Sample Question 3 - Machine Learning Functions

[Google] Write the K-Means algorithm using Numpy only

Solution

import numpy as np

class KMeans:
    def __init__(self, k=2, max_iterations=500):
        self.k = k
        self.max_iterations = max_iterations

    def fit(self, X):
        # Initialize centroids randomly
        self.centroids = X[np.random.choice(range(len(X)), self.k, replace=False)]
        
        for i in range(self.max_iterations):
            # Assign each data point to the nearest centroid
            clusters = [[] for _ in range(self.k)]
            for x in X:
                distances = [np.linalg.norm(x - c) for c in self.centroids]
                cluster = np.argmin(distances)
                clusters[cluster].append(x)

            # Recalculate centroids
            prev_centroids = self.centroids
            self.centroids = []
            for cluster in clusters:
                if cluster:
                    self.centroids.append(np.mean(cluster, axis=0))
                else:
                    self.centroids.append(prev_centroids[np.random.choice(range(self.k))])

            # Check for convergence
            if np.allclose(prev_centroids, self.centroids):
                break

    def predict(self, X):
        distances = [np.linalg.norm(X - c, axis=1) for c in self.centroids]
        return np.argmin(distances, axis=0)

💡 Prep Tips

Tip 1 - Front-Load Python problem sets

Those who succeed in passing coding problems are often “primed” for interviews.
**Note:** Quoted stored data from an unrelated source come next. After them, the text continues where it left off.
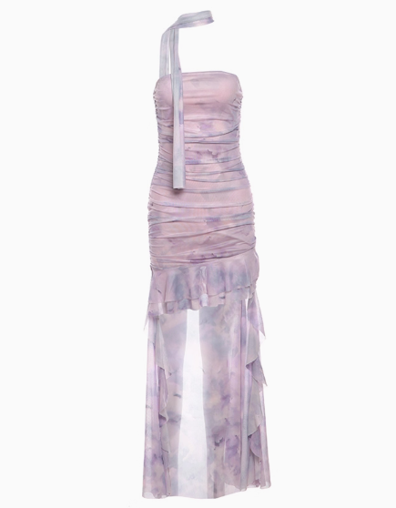 Robe d'été sexy à volants irréguliers et imprimé licou, taille fine, style hi-lo, tenue de soirée, de rendez-vous, pour femme, D1836
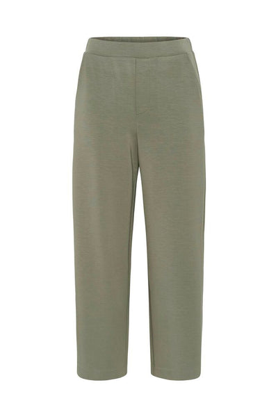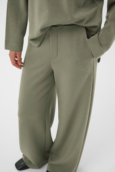 Classic trousers with wide legs and an elastic waist for ultimate comfort. The trousers have a regular fit.
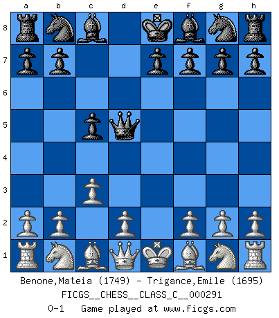 Last move : 0-1 2021 June 9 12:17:33 [Event "FICGS__CHESS__CLASS_C__000291"] [Site "FICGS"] [Date "2021.04.26"] [Round "1"] [White "Benone,Mateia"] [Black "Trigance,Emile"] [Result "0-1"] [WhiteElo "1749"] [BlackElo "1695"] 1.e4 c5 2.c3 d5 3.exd5 Qxd5 0-1 This chess game has been lost on time (started : 2021.04.26 17:10:5) Sicilian : Alapin's variation (2.c3) Player Black won this chess game. Follow this game move after move (download)No Chess Grandmaster is normal; they only differ in the extent of their madness. (Viktor Korchnoi) Ein Gewinn durch eine ungenaue Kombination, sei sie auch noch so vorzeigbar, erfüllt mich mit Schaudern. (Wilhelm Steinitz) Bobby Fischer es el jugador de Ajedrez mas grande que jamás haya existido. (Ken Smith) On croit qu'il y a plus de mauvais joueurs que de bons joueurs, c'est faux : Il y a autant de joueurs qui gagnent que de joueurs qui perdent. (Philippe Geluck) When you've done things right people won't know you've done anything at all. (Futurama)
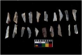 | Description / विवरण | Specimen of flakes tool with prominent flaking marks. It made up of a short flakes with sides trimmed. |
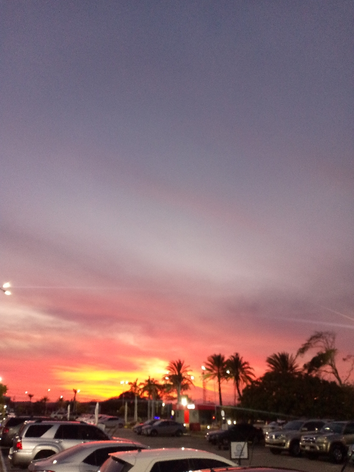 The image captures a sunset scene over a parking lot in La Cruz del Pastel, Venezuela, during the evening twilight
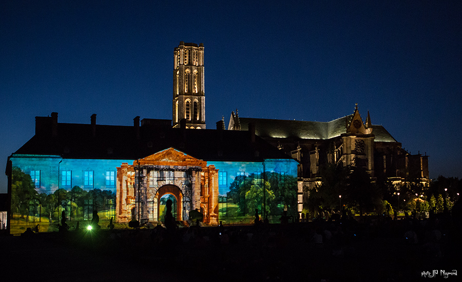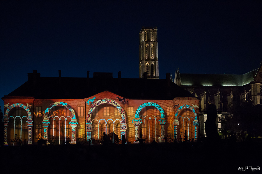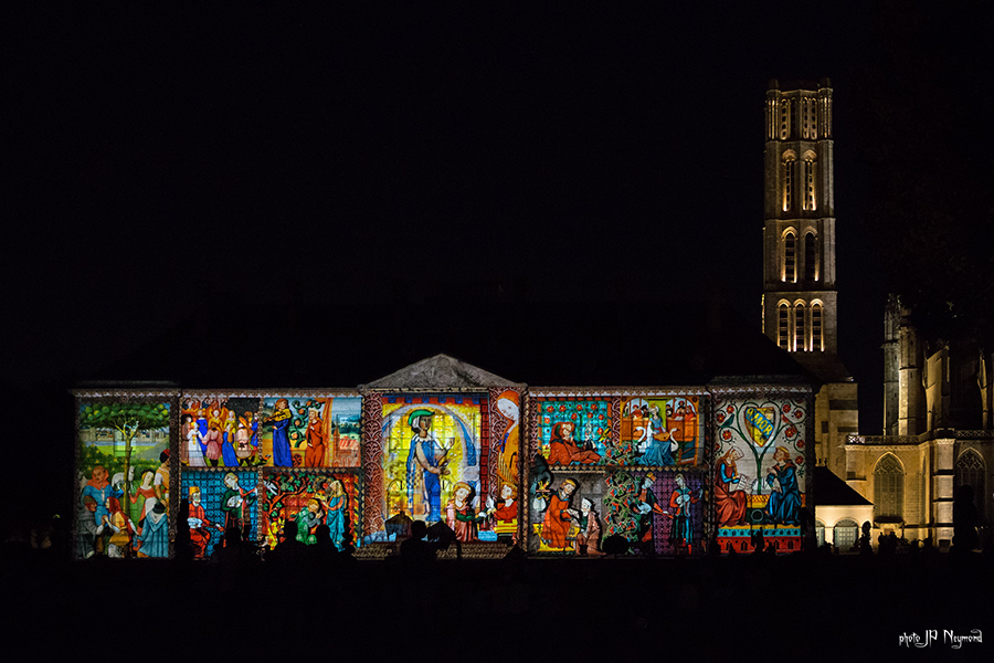 Beau spectacle en effet ( quoique les choix musicaux puissent être discutables ) qui habille la facade de l'évéché. Les sculptures de Marc Petit y prennent, du coup, une nouvelle dimension.
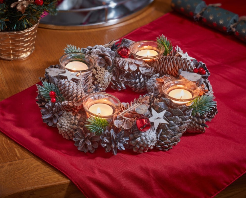 DescriptionThree Kings FrostPine Ring Quartet Christmas Candle Holder 33cm
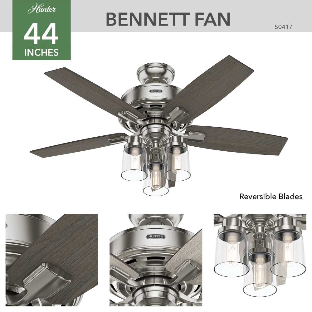 Regarded by homeowners and designers as one of our best ceiling fans, the renewed classic look of the Bennett ceiling fan adds a unique look to your space. The transitional design of this indoor ceiling fan makes it versatile: Use this small ceiling fan in a modern home office or Bohemian-style guest bedroom. The included handheld remote control makes it easy to adjust the fan speed and dimmable light.
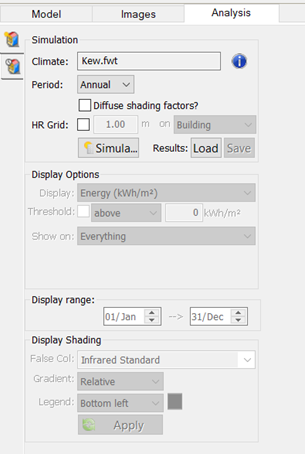 The next option is whether or not you want to take into account diffuse shading factors when running your simulation. This will make your Energy Analysis results more accurate however, it comes at the cost of increasing your simulation time. The Exposure Analysis is not affected by this output but the option is still there in case you want to then go on and perform Energy Analysis.
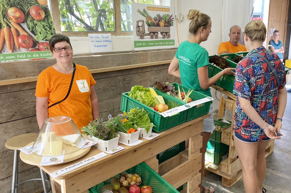 Sonja vom Obergrashof steht hinter dem hofeigenen Gemüse, das sie vor Ort verkaufte und über das sie gerne ins Gespräch kam.
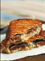 For stovetop method: Using the same pan you used to make the figs, heat it over a medium-high heat for 2 minutes. Place the sandwiches into the pan, cover, and cook for 2 minutes. Remove the cover and turn the sandwiches, pressing each one firmly with a spatula to flatten slightly. Cook for 1 minute or until underside is golden brown. Turn the sandwiches once more, press with the spatula again, cook for 30 seconds, and remove from the pan. Cut sandwiches in half and serve immediately.
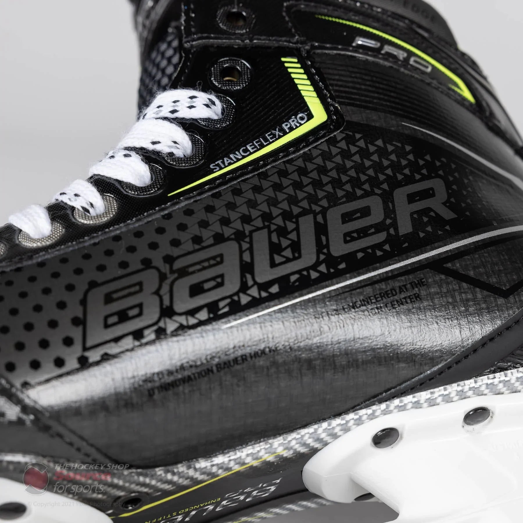 The Pro skate is designed for the elite level goalie who wants a stiff boot to both support their foot and provide the best energy transfer and thus the strongest pushes. Bauer uses a 3D Lasted Carbon Curv quarter which gives the boot its lateral stiffness while StanceFlex Pro technology allows the goalie to flex the boot forward with minimal restriction.
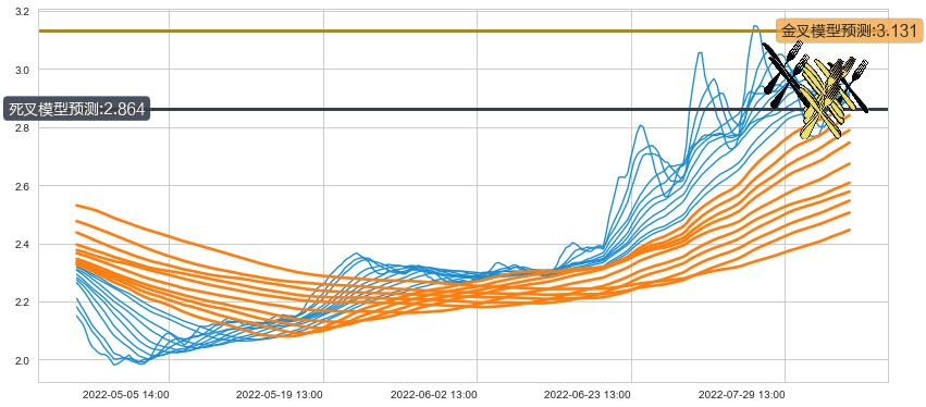➣ 30小时均线于(08-10 13:00: 2.945)形成【金叉】基于【金叉历史模型】预测金叉后最高波峰价格: 3.120, 金叉后最高价格2.970,尚未达到预测最高波峰价格, 预期继续上涨
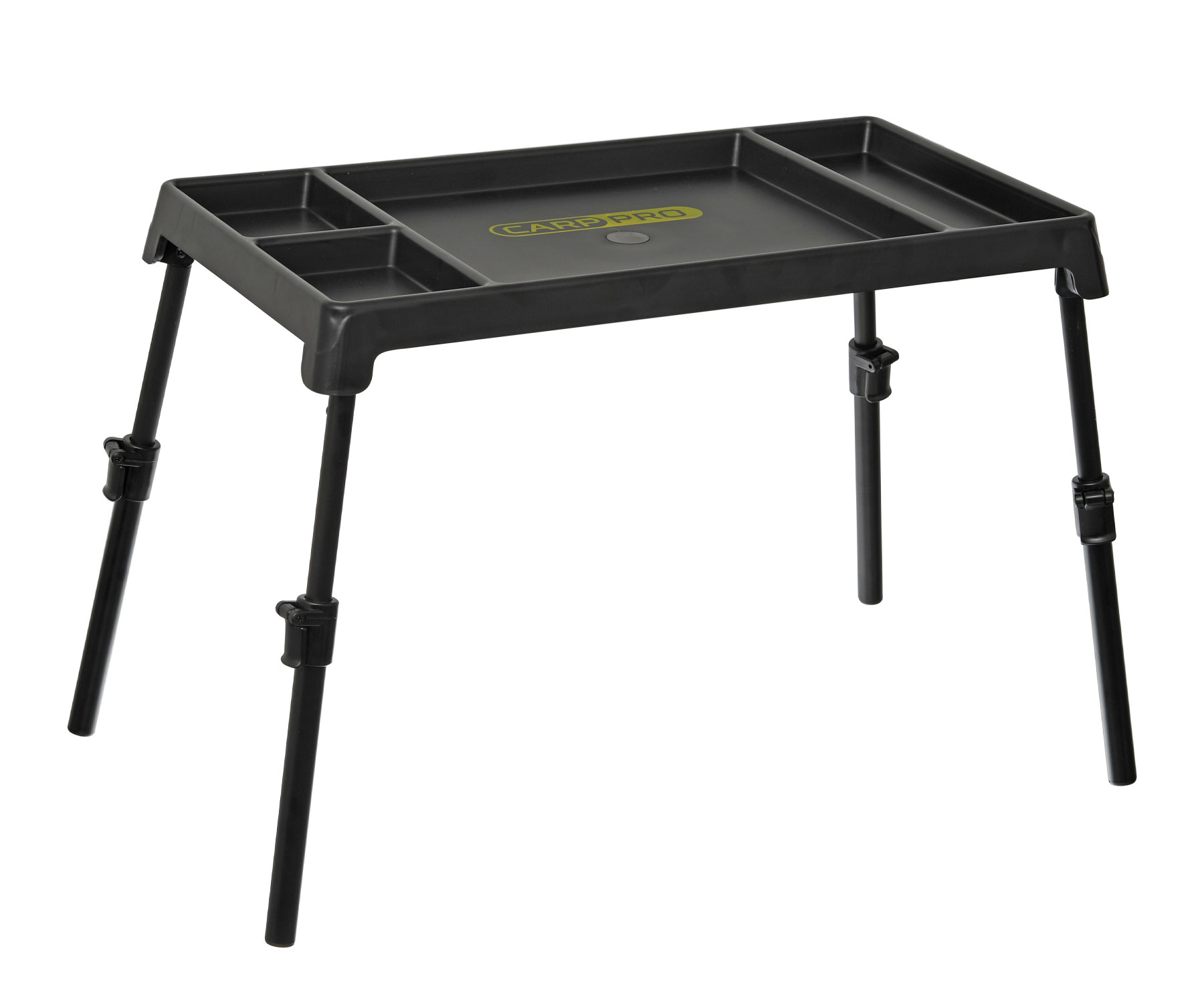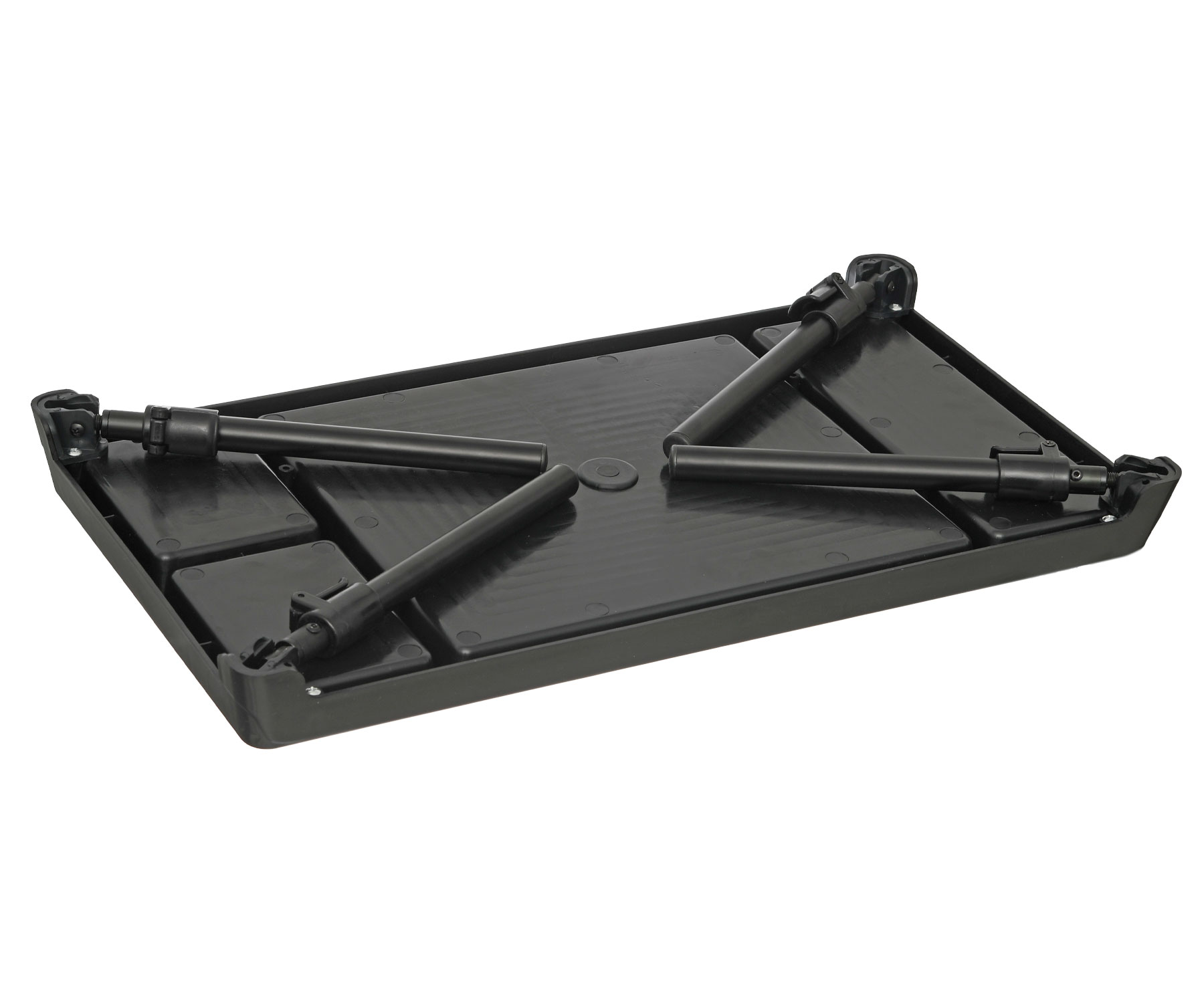 Маленький и легкий пластиковый монтажный столик. Благодаря складной конструкции занимает очень мало места при транспортировке. Телескопические ноги позволяют изменять высоту столика и располагать его на неровном берегу. Буртики, разделяющие его на отделения, не дают предметам скатываться на землю. Размеры, см: 54 Х 30. Максимальная высота ножек, см: 37.

Given that coding interviews are usually assessed first in the technical screen, it is vital that you front-load coding as part of your daily/weekly prep. Go through about 2 to 3 problems per day leading up to the interview. For more resources, visit datainterview.com

Tip 2 - Practice Explaining Verbally

Interviewing is not a written exercise, it’s a verbal exercise. Whether the interviewer asks you a coding question, you will be expected to explain you solution with clarity and in-details. As you practice interview questions, practice verbally.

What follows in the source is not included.